:: Exercise aim ::
Please make an exact copy of the listing, without the pictures.

:: Source data ::
━━━━━━

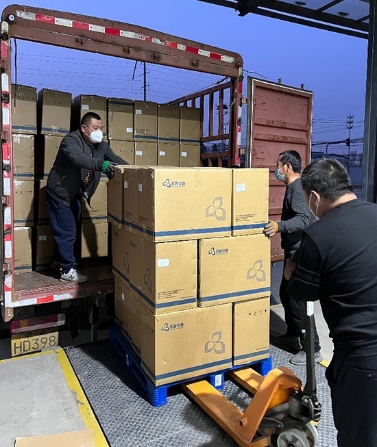 提貨地點在距離倉庫79公里的北六環(huán)外,凌晨1:52,集結車輛準時出發(fā),凌晨3:10到達提貨地點,還在發(fā)著燒的王學強馬不停蹄地指揮工人清點貨物、裝車封車,直到早晨6:12,裝滿兩輛大車的抗原試劑盒順利送達倉庫,等待卸貨入庫,截至早晨7:47全部商品完成入庫驗收。
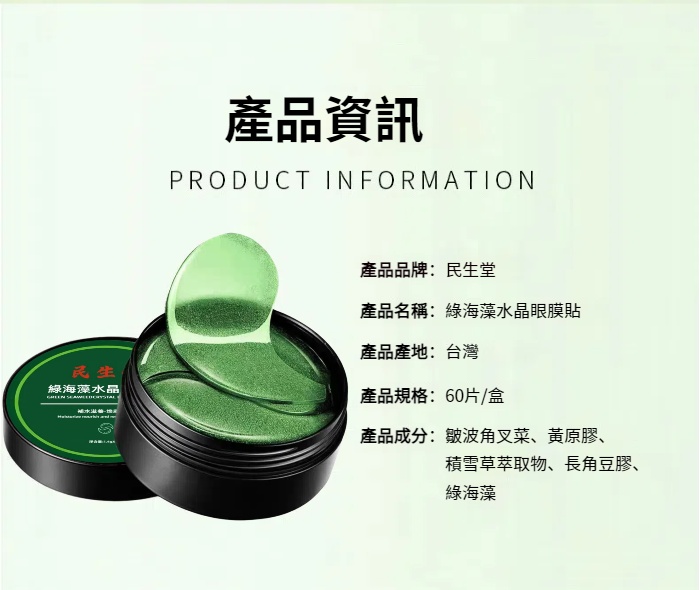 5分鐘前民生堂超值優惠大促【吳醫師特調推薦】綠海藻水晶眼膜 中藥成分 100%正品 好康開團~無效全額退 - 【體驗免運裝】2罐僅需NT$998
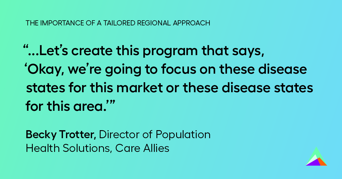 Fine-tuning your approach to the regions you serve is critical, whether you’re an ACO or working strictly under fee-for-service. As Becky Trotter points out, the best approach is often bespoke — tailored to each group’s unique needs, and not a universal checklist.
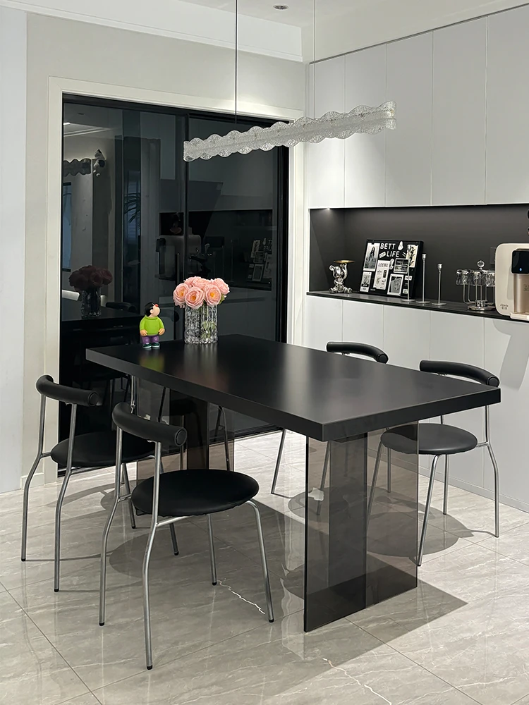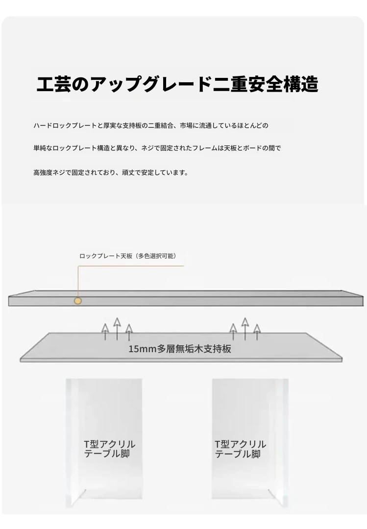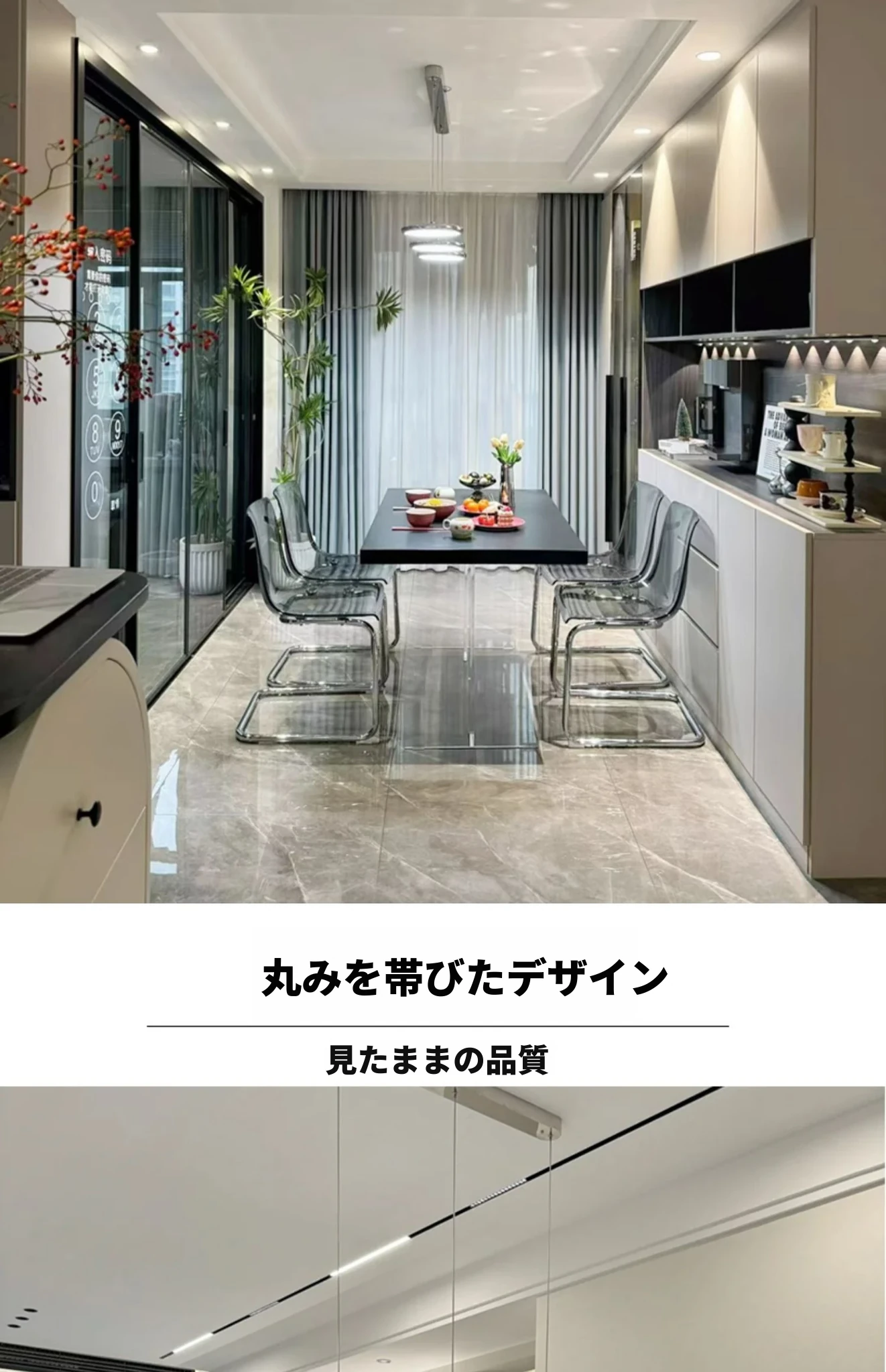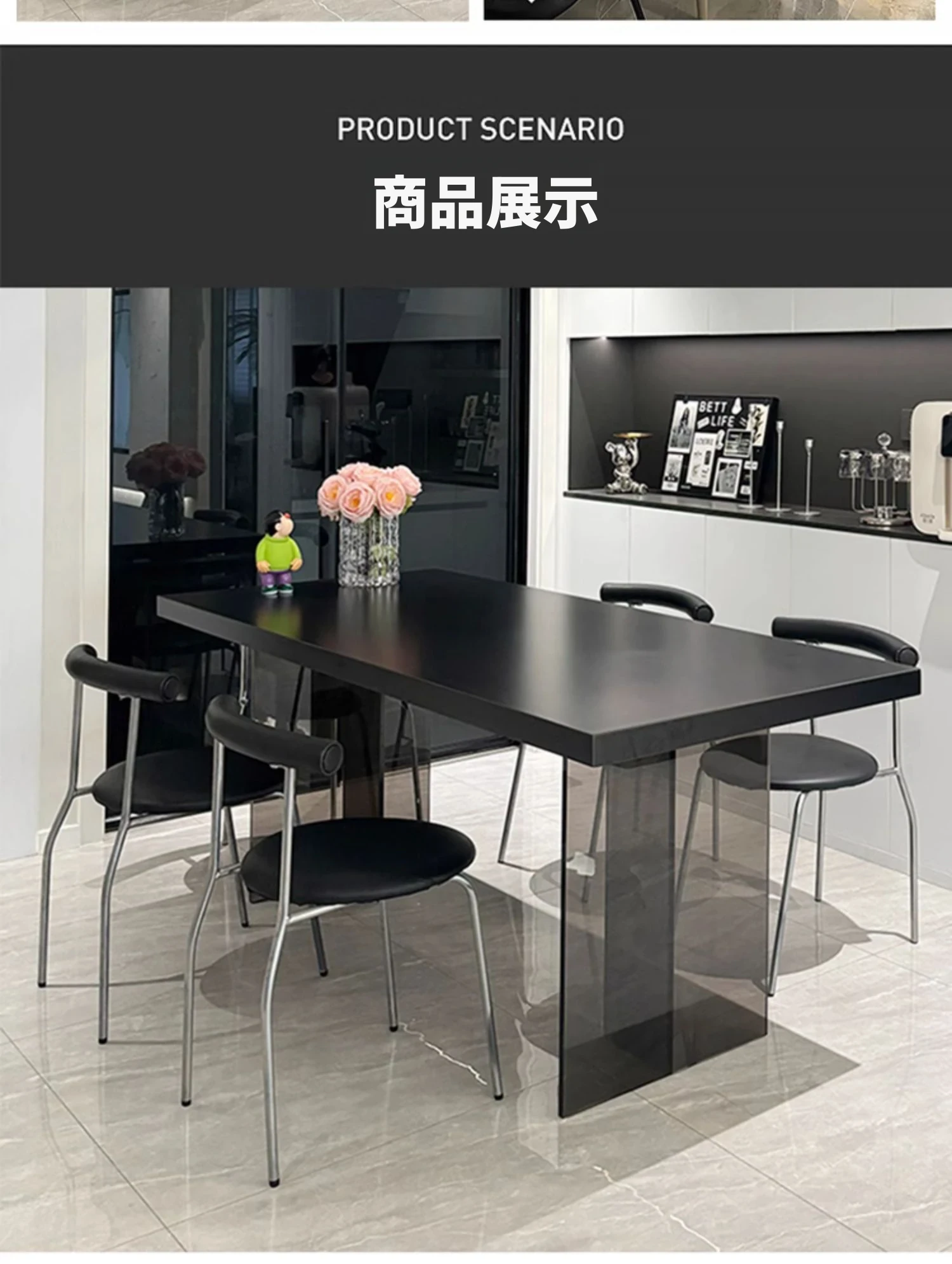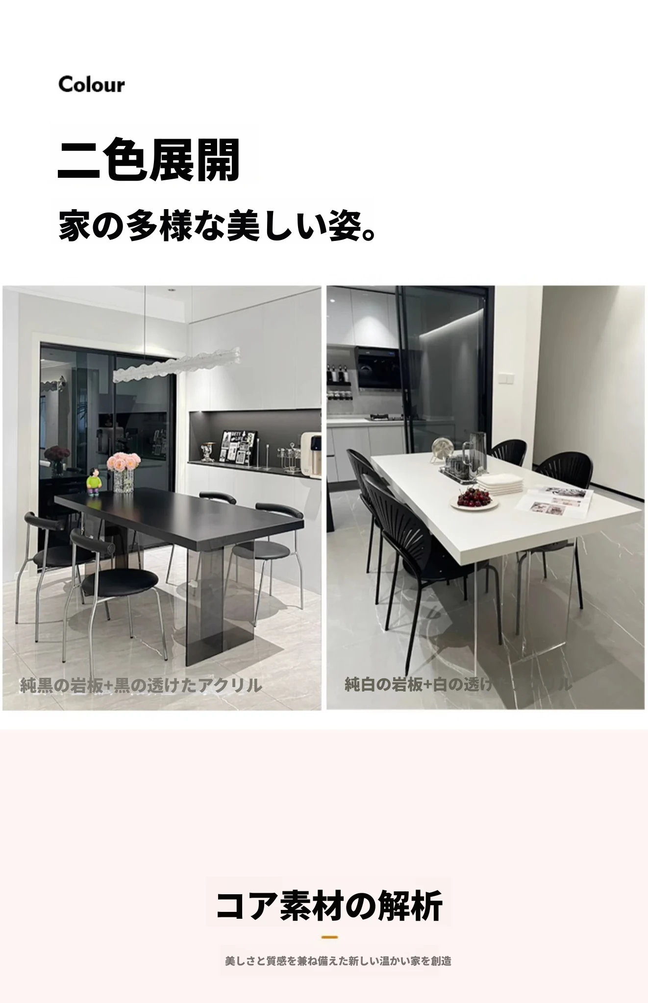 ブラック浮遊アクリル下掛け岩板ダイニングテーブル - 小型住宅向けの軽奢華な高級デザイン、2024年新作!洗練されたスタイルでおしゃれな食卓を実現。

━━━━━━

:: Exercise answer ::
 提貨地點在距離倉庫79公里的北六環(huán)外,凌晨1:52,集結車輛準時出發(fā),凌晨3:10到達提貨地點,還在發(fā)著燒的王學強馬不停蹄地指揮工人清點貨物、裝車封車,直到早晨6:12,裝滿兩輛大車的抗原試劑盒順利送達倉庫,等待卸貨入庫,截至早晨7:47全部商品完成入庫驗收。
 5分鐘前民生堂超值優惠大促【吳醫師特調推薦】綠海藻水晶眼膜 中藥成分 100%正品 好康開團~無效全額退 - 【體驗免運裝】2罐僅需NT$998
 Fine-tuning your approach to the regions you serve is critical, whether you’re an ACO or working strictly under fee-for-service. As Becky Trotter points out, the best approach is often bespoke — tailored to each group’s unique needs, and not a universal checklist.
 ブラック浮遊アクリル下掛け岩板ダイニングテーブル - 小型住宅向けの軽奢華な高級デザイン、2024年新作!洗練されたスタイルでおしゃれな食卓を実現。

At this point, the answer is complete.